» **DATA FOR THIS EXERCISE**
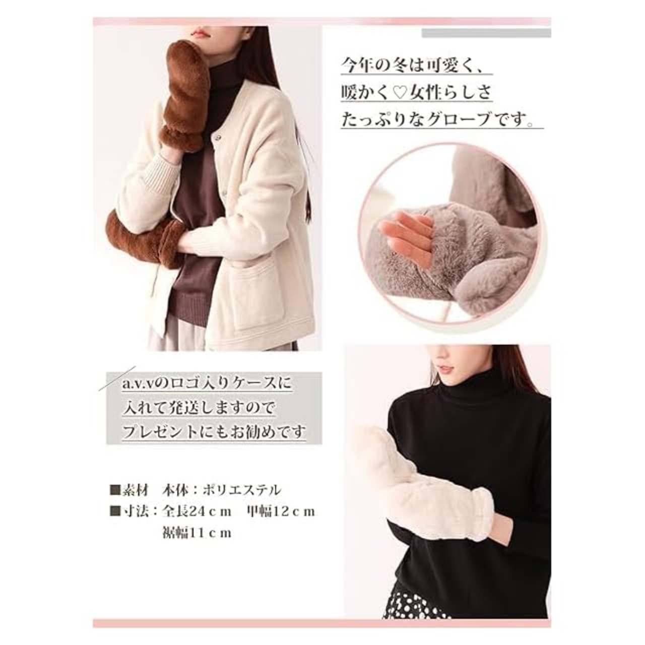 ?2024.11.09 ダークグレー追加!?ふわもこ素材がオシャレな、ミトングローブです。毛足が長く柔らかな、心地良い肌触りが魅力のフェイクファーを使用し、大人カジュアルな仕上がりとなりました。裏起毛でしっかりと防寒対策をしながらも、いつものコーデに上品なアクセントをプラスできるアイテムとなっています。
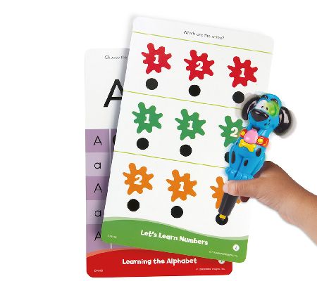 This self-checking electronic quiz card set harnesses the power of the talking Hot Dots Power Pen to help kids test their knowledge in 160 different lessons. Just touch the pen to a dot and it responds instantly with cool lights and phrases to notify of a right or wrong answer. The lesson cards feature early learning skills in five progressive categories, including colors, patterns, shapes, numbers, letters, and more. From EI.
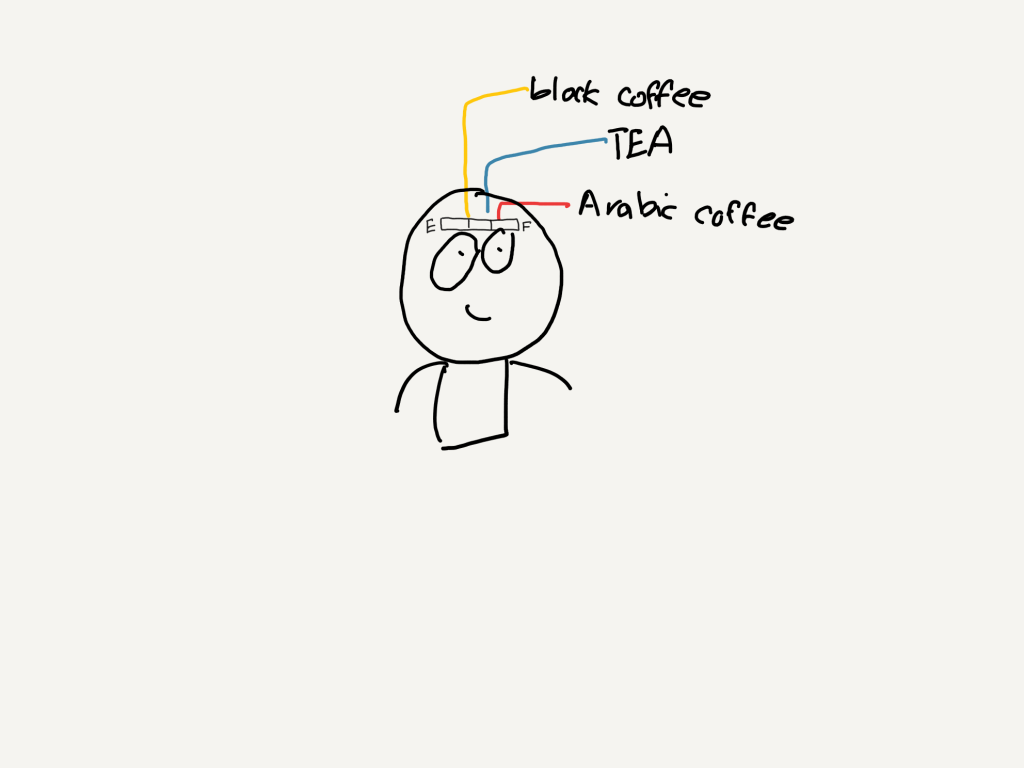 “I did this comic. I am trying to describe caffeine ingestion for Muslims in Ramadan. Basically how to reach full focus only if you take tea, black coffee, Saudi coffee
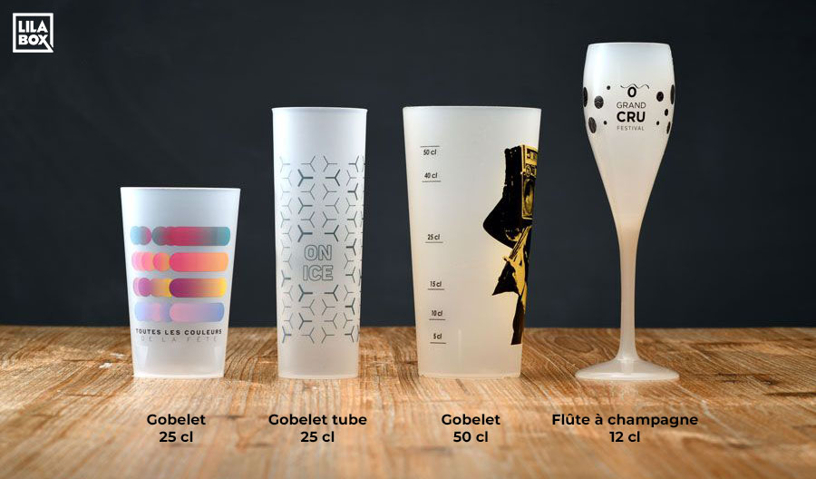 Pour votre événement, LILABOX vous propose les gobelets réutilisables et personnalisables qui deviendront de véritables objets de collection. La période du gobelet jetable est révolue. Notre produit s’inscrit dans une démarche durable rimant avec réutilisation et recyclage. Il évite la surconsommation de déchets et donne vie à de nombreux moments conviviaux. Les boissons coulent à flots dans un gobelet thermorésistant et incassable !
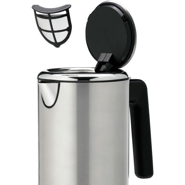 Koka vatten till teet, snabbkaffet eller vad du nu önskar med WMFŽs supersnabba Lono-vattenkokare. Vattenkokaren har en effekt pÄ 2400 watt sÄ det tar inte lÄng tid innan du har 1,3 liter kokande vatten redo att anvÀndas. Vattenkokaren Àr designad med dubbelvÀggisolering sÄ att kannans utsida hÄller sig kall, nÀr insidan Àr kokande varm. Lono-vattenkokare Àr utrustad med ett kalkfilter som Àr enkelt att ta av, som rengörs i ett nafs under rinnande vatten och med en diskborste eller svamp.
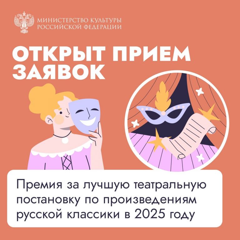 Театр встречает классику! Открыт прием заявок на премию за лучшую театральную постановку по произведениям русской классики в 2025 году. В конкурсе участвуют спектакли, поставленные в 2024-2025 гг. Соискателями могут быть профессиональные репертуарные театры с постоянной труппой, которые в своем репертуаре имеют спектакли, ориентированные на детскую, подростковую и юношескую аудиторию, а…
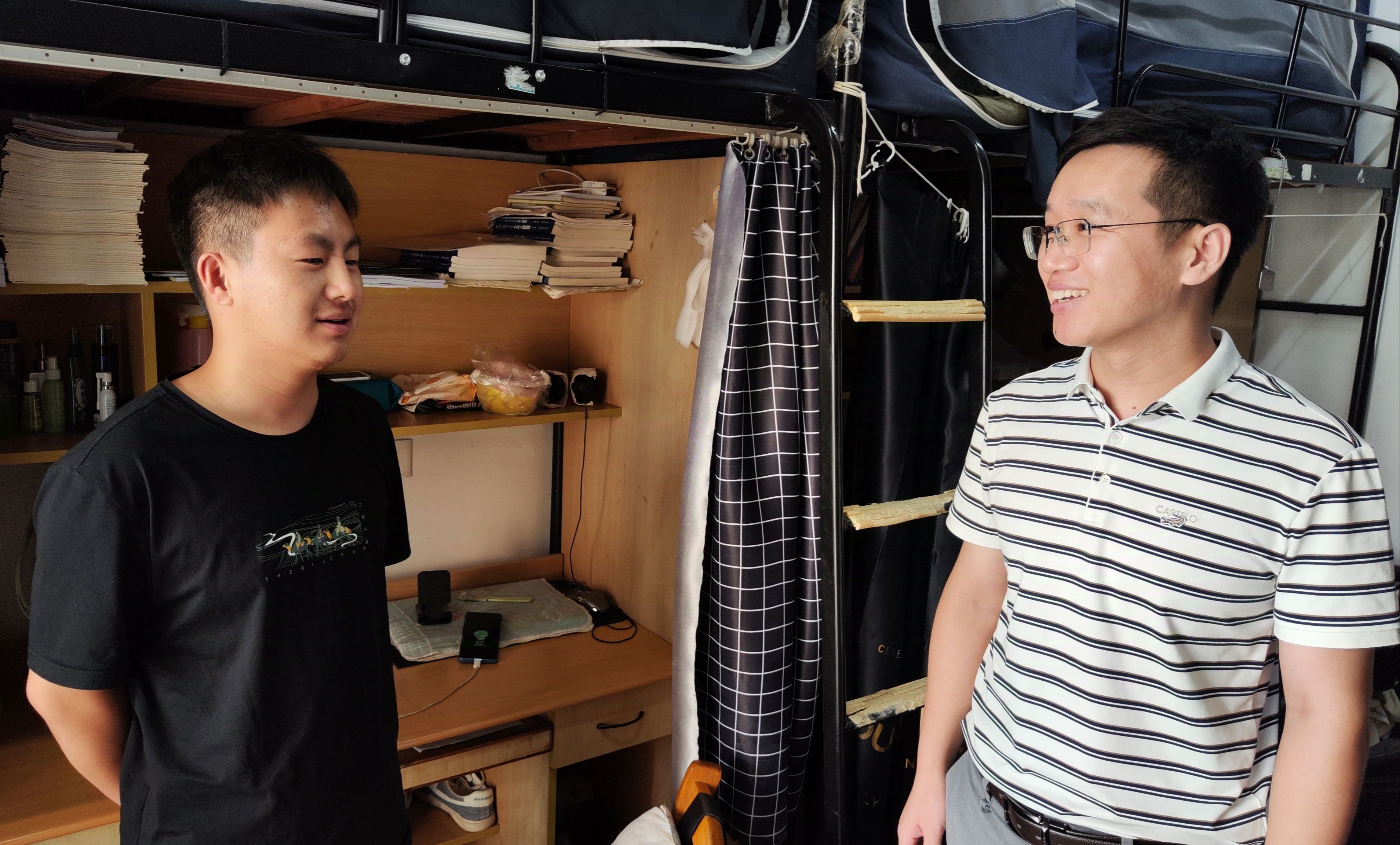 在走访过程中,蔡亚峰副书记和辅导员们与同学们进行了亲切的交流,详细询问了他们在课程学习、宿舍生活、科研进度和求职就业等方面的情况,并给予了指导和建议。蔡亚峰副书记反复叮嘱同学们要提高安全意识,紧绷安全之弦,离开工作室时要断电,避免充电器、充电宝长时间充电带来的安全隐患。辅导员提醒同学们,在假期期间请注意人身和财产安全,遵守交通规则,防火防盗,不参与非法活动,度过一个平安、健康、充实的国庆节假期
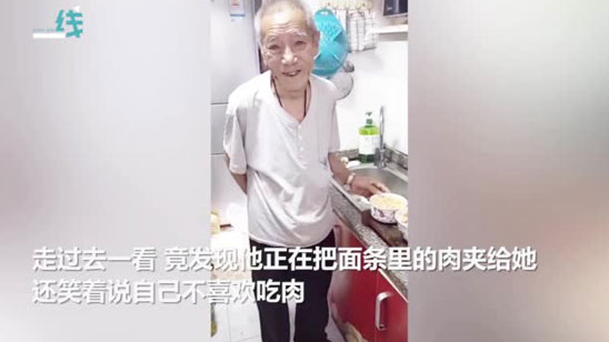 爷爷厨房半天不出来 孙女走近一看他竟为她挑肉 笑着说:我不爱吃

» **YOUR INSTRUCTIONS**
Every picture stays out; reproduce exactly the lines from the one with "在走访过程中,蔡亚峰副书记和" through the last line of the data above.

» **TASK OUTPUT**
 在走访过程中,蔡亚峰副书记和辅导员们与同学们进行了亲切的交流,详细询问了他们在课程学习、宿舍生活、科研进度和求职就业等方面的情况,并给予了指导和建议。蔡亚峰副书记反复叮嘱同学们要提高安全意识,紧绷安全之弦,离开工作室时要断电,避免充电器、充电宝长时间充电带来的安全隐患。辅导员提醒同学们,在假期期间请注意人身和财产安全,遵守交通规则,防火防盗,不参与非法活动,度过一个平安、健康、充实的国庆节假期
 爷爷厨房半天不出来 孙女走近一看他竟为她挑肉 笑着说:我不爱吃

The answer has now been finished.